Have checked the dvd set for mash?


----------



## bert model maker (Feb 19, 2002)

The-Nightsky said:


> I've Built this kit. Its nice,1/35 scale I believe.Its about a foot long when done IIRC.Sorry no pics. It never survived "The Move". I have a 1/35 Academy HTL-4 (coast guard version with floats) that I plan on turning into the bat copter. Really nice kit with all the parts to build several versions.


 thanks nightsky. how big is the academy helicopter ?


----------



## The-Nightsky (May 10, 2005)

same size Bert. Close to a foot long when built.


----------



## bert model maker (Feb 19, 2002)

thanks nightsky !


----------



## flyingfrets (Oct 19, 2001)

I started to convert one to the "Batcopter," but I never could get the compound curves on the wings right so I chucked it during a move about 5 years ago.

From what I remember, the detail was pretty nice (I had the MRC version...forget who made the other one I used to see on the shelves). The tail boom was little heavy for the scale but somebody made a brass rod & photo-etch replacement that looked good. Don't know if that's still around or not. I only get to Avenel Hobbies maybe once a year anymore & that was the only place I could see what I was buying before I bought it (most of my shopping is done online now - there aren't any decent hobby shops around Atlantic City).

Over all, a nice little kit. Should be able to do a really nice job over 2 or 3 weekends...


----------



## dgtrekker (Jul 23, 2001)

I have two of these kits, I intend to build them flying over the Swamp and Hot Lips tent, the choppers appear to me to be about 35th scale, but they need some modifications to make them MASH accurate. 
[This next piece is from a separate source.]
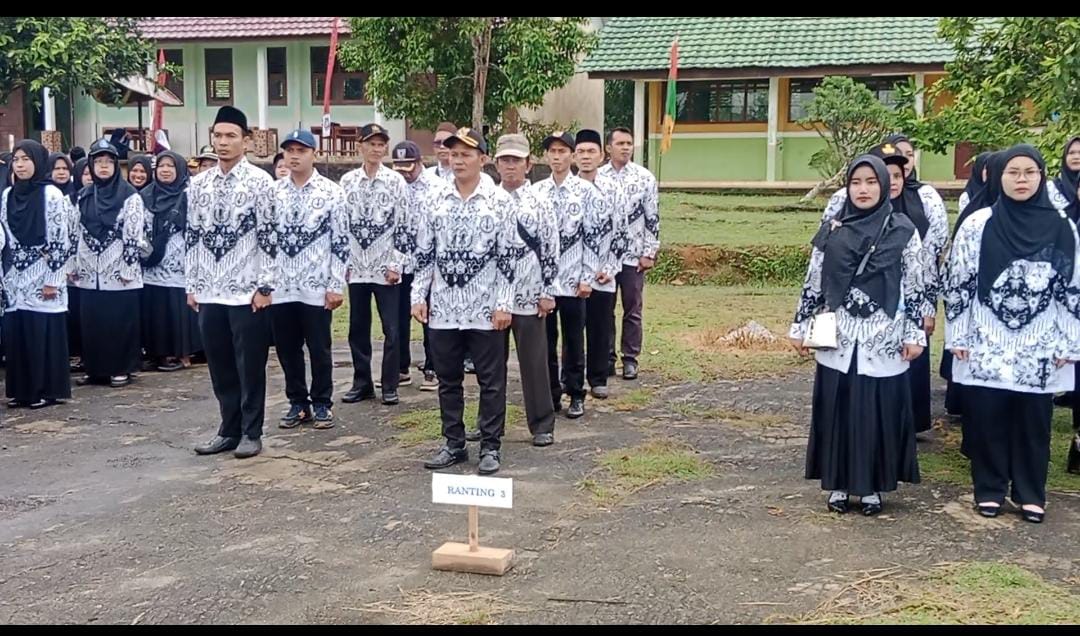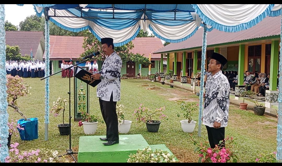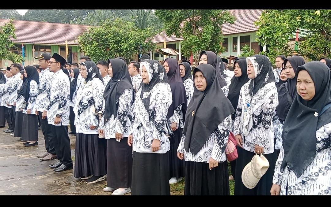 Pembina upacara Syamsiar, S. Ag, ketua PGRI kecamatan Simpang Rimba menyampaikan amanat tertulis dari Prof. Dr. Abdul Mu’ti, M.Ed Menteri Pendidikan Dasar dan Menengah Republik Indonesia,

So far all I have done is the Swamp.


----------



## bert model maker (Feb 19, 2002)

Thanks Frets, nice swamp dio dgtrekker


----------



## dgtrekker (Jul 23, 2001)

Thanks, I'm planning on putting the chopper on an acrylic rod just behind the tent.


----------



## bert model maker (Feb 19, 2002)

I Just picked up my MASH helicopter and just got in the door with it, i am a happy camper ! keep me posted on your diorama


----------



## splashrc (Jul 9, 2007)

I had one back in the day, wish I still had it.......along with the swamp


----------